Discovery

During the past few months, my continued admiration for Richard "master of my universe" Feynman has led me to browse many writings about the man, including a copy of The Beat of a Different Drum that I happened to stumble across, which is a very scientific treatment of his life and work. I was hiding in the tucked away library of the theoretical physics department, where they have very quiet workspace, when I felt the book staring at me from the "returned" rack. I went over and "happened" to read chapter about his life as an undergraduate. The biographies discusses Feynmans senior thesis work, and near the end of the chapter, it is made clear that a substantial part of the heavy lifting in his research was a well known way to manipulate the problem (something about Hamiltonian operators). Essentially, much of the thesis was a reinvention of the wheel. Fortunately, Feynman had come to some other exceptional conclusions that were far from unoriginal, and he was allowed to graduate.

The reason I bring this little tale up is because lately I've found that it's a very healthy exercise to reinvent a few wheels now and then.
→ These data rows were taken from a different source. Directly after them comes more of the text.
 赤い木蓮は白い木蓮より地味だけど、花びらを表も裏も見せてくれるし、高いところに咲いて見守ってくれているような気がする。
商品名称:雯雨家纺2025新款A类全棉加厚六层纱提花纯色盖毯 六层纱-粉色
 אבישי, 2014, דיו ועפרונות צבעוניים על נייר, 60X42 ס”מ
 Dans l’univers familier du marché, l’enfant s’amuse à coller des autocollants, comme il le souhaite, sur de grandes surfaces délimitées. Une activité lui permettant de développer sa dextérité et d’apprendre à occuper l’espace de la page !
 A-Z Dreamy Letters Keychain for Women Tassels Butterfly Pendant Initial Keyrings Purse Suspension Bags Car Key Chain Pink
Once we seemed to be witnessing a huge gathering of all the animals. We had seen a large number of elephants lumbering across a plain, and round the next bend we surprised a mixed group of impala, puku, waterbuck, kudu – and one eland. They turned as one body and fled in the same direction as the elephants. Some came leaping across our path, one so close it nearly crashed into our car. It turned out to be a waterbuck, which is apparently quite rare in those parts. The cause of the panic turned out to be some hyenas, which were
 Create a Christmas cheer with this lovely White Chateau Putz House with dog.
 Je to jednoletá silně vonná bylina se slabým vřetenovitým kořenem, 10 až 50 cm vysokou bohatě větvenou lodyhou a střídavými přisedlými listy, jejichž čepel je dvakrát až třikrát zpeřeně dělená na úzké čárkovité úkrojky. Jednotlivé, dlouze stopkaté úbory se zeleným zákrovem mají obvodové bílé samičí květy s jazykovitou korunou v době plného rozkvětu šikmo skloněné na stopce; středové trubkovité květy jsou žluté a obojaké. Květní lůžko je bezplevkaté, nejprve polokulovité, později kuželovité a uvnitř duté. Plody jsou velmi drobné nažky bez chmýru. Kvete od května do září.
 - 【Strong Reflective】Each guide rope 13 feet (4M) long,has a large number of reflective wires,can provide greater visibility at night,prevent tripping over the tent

All the problems of the world that haven't been solved yet are unsolved for a reason: because they're hard. And if you don't practice by inventing a few wheels every now and then, taking on unsolved problems is a fools errand.

Yesterday I was working on a Statistics problem set, and was crossed by the peculiar fact. I was trying to type (8.2)^2, when I mistyped on my calculator, 8.0^2, which gave 64. Of course. Retyping the correct number, I got 67.24. I thought about this for a second, and wondered, hmm, I wonder I could have used my result of 64 and just add whatever accounts for the difference of 3.24...what is it? It can't be 0.2^2. Hmm. 324. That's a square, I'm sure of it. Ha! 1.8^2 = 3.24. Quaint. Why is 8.2^2 = 8.0^2 + 1.8^2? I thought and thought and thought...

Why is 41^2 = 40^2 + 9^2? What an odd triplet. Are there any other adjacent integers where the difference of their squares is the square of an integer? I started brute forcing around a bit, and realized that they were all odd integers, as well. And then....OF COURSE! How could I be so stupid? Pythagorean triplets! 3, 4, 5! Wow, they sure are beautiful. I sat and admired them for a few moments, maybe drawing a triangle of five. And then got back to work.

OK, so my discovery was 15 orders of magnitude less significant than Feynmans, but it (along with a slightly more complicated wheel I reinvented last weekend that I won't go into here, involving graph connectedness and Dijkstras algorithm) was nonetheless an instance where I felt I had discovered something, reduced a data set of events to a underlying theory describing it, and that was one of the best feelings (OK, the feeling was much stronger with the graph problem last weekend, but that's a much longer and more technical story) I've had in a long time, and it's why I bother to study what I do.

It was practice at explaining the universe with a really great reward, and the fact that it was already done was completely irrelevant. So next time you've spotted something strange, don't ask google, work it out! It might turn out to be the trivial result of a basic theorem and obvious to anyone more learned then you and I, but that's not the point. If you can't deduce that, then how are you ever going to be able to explain the universe? And hey, you don't know it's trivial until you've checked!

Oh, and I got posted to 3 Quarks Daily today...!